For example, the look-up table having the ID items such as the time stamp, the language analysis version, the document ID, the domain, the sentence ID, the original document, the tag, the processing module, the unit input, the unit result, the reliability, and the reserve may be generated. The language analysis metadata may be stored using the generated look-up table.
That is, the language analysis operation time information with respect to the document in which the general text such as the Web, the book, etc. is included may be stored by corresponding to the time stamp of the ID items, and the analysis version information may be stored by corresponding to the language analysis version of the ID items.
Further, the unique ID of the document which the analysis is performed may be stored by corresponding to the document ID of the ID items, and classify the field (a movie, a music, a sport, a car, etc.) of the document using conventional automatic document classification technology and domain classification which is compatible with a hierarchy of the language knowledge resources.
The classified document field information may be stored by corresponding to the domain of the ID items, and the unique ID of the document may be stored by corresponding to the document ID of the ID items.
Further, the sentence original document information may be stored by corresponding to the original document of the ID items, and the object name included in the sentence and the word in which the frequency number in the document is smaller than the predetermined reference frequency number may be stored by corresponding to the tag of the ID items.
Meanwhile, the processing step information outputting the subdivided analysis result corresponding to the reliability value which is smaller than the predetermined reference frequency number may be stored by corresponding to the processing step of the ID items. The sentence may be processed as the input data according to each processing step, and the processed input data may be input to each processing step. Each processing step may analyze by subdividing the input data, and output the subdivided analysis result and the reliability value corresponding to the subdivided analysis result.
The input data input to the processing step outputting the subdivided analysis result corresponding to the reliability value which is smaller than the predetermined reference reliability value among the subdivided analysis results output by each processing step may be stored by corresponding to the unit input of the ID items.
Further, the subdivided analysis result corresponding to the reliability value which is smaller than the predetermined reference reliability value among the subdivided analysis results output by each processing step may be stored by corresponding to the unit result of the ID items.
Meanwhile, the reliability value which is smaller than the predetermined reference reliability value among the reliability values corresponding to the subdivided analysis result output by each processing step may be stored by corresponding to the reliability of the ID items, and the information needed for the automatic update among the subdivided analysis results analyzed by subdividing the sentence using each processing step may be stored by corresponding to the reserve of the ID items.
As described above, the information according to the subdivided analysis result in which the reliability value among the subdivided analysis result output by each processing step is smaller than the predetermined reference reliability value may be stored as the language analysis metadata using the look-up table.
Continuously, as shown in FIG. 3, whether the language knowledge of the language knowledge resources is accumulated according to the continuous increase may be determined (S302).
Based on the determination result, when it is determined that the language knowledge of the language knowledge resources is accumulated, the resource increase statistical information for each day and each field from the language knowledge resources in which the language knowledge is accumulated and the newly added word information may be detected.
The language analysis metadata which is the test target for determining whether to reanalyze may be selected among the stored language analysis metadata based on the detected resource increase statistical information for each day and each field and the newly added word information (S303).
For example, the statistical analysis for each day and each field may be performed based on the detected resource increase statistical information for each day and each field with respect to the time stamp information and the domain information of the stored language analysis metadata.
That is, the language analysis metadata in which the time stamp information (the language analysis operation time information) is a time before the present time may be selected among the stored language analysis metadata.
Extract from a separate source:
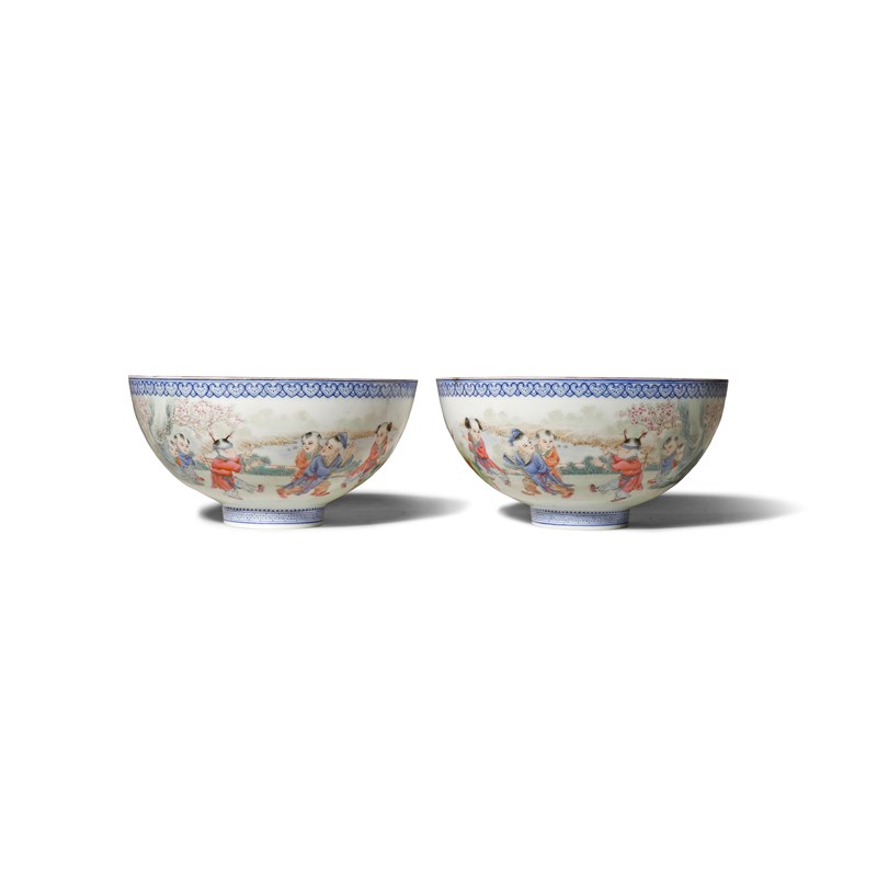 A PAIR OF CHINESE FAMILLE ROSE EGGSHELL PORCELAIN 'BOYS' BOWLS

The language analysis metadata in which the language knowledge increase value [the resource increase value for each day and each field of the language knowledge resources] of the domain information (the document field information) is equal to or more than the predetermined threshold value may be selected again among the selected language analysis metadata.
The language analysis metadata which is selected again may be specified as the test target for determining whether to reanalyze.
Further, the tag information (the word information) of the language analysis metadata may be analyzed based on the word information which is newly added to the detected language resources.
That is, the language analysis metadata in which the time stamp information (the language analysis operation time information) is a time before the preset time may be selected among the stored language analysis metadata.
The language analysis metadata in which the language knowledge increase value [the increase value of the language information which is newly added to the language knowledge resources] of the tag information among the selected language analysis metadata is equal to or more than the predetermined threshold value may be selected again, and the language analysis metadata which is selected again may be also specified as the test target for determining whether to reanalyze.
The test for determining whether to reanalyze based on the processing step information, the unit input information, the unit result information, and the reliability information of the language analysis metadata which is specified as the test target may be performed (S304).
The test with respect to the unit input information (the input data) may be performed using the processing step information of the language analysis metadata which is specified as the test target for the above description.
For example, the test may be performed, using the processing step information, on the unit input information (the input data) of the language analysis metadata which is specified as the test target using the language knowledge resources in which the language knowledge is accumulated according to the continuous increase.
The test result information and the unit result information of the language analysis metadata which is specified as the test target may be compared (S305).
Based on the comparison result, when the transmitted test result information and the unit result information of the language analysis metadata which is specified as the test target are not identical, whether the reliability value corresponding to the test result information and the reliability information (the reliability value) of the language analysis metadata which is specified as the test target is within the statistically predetermined significant range may be tested using the statistical test method such as a t-test, etc.
Based on the test result, when the reliability value corresponding to the test result information and the reliability information (the reliability value) of the language analysis metadata which is specified as the test target are not within the statistically predetermined significant range, it may be determined that the language analysis metadata which is specified as the test target should be reanalyzed.
The language analysis operation after the processing step of the language analysis metadata in which it is determined to be reanalyzed may be performed again (S306).
The language analysis result corresponding to the reanalyzed language analysis metadata among the stored language analysis results may be updated based on the language analysis result which is performed again (S307).
According to the present invention, since the update to a more exact language analysis result can be performed by detecting a portion which can analyze more exactly based on a portion which is imprecisely analyzed in the previously analyzed language analysis result with respect to the large documents and the newly added language knowledge (according to the expansion of the knowledge base), performance of an improved analyzer may be reflected in the language analysis result which is previously analyzed even when all of the large documents is not analyzed again.
Specifically, since only a portion which can be analyzed more exactly among the language analysis results which are previously analyzed is detected and analyzed, the language analysis can be effectively performed.
Further, since the knowledge of the language knowledge base which is increasing in real time can be used, the language analysis result can be improved in real time.
It will be apparent to those skilled in the art that various modifications can be made to the above-described exemplary embodiments of the present invention without departing from the spirit or scope of the invention. Thus, it is intended that the present invention covers all such modifications provided they come within the scope of the appended claims and their equivalents.

Claims

What is claimed is:

1. An apparatus for updating a language analysis result, comprising:

a storage unit configured to store the language analysis result and language analysis metadata to be used for update of the language analysis result; and

an update unit configured to reanalyze the language analysis metadata based on language knowledge which is added to language knowledge resources, and update the language analysis result based on the reanalyzed result.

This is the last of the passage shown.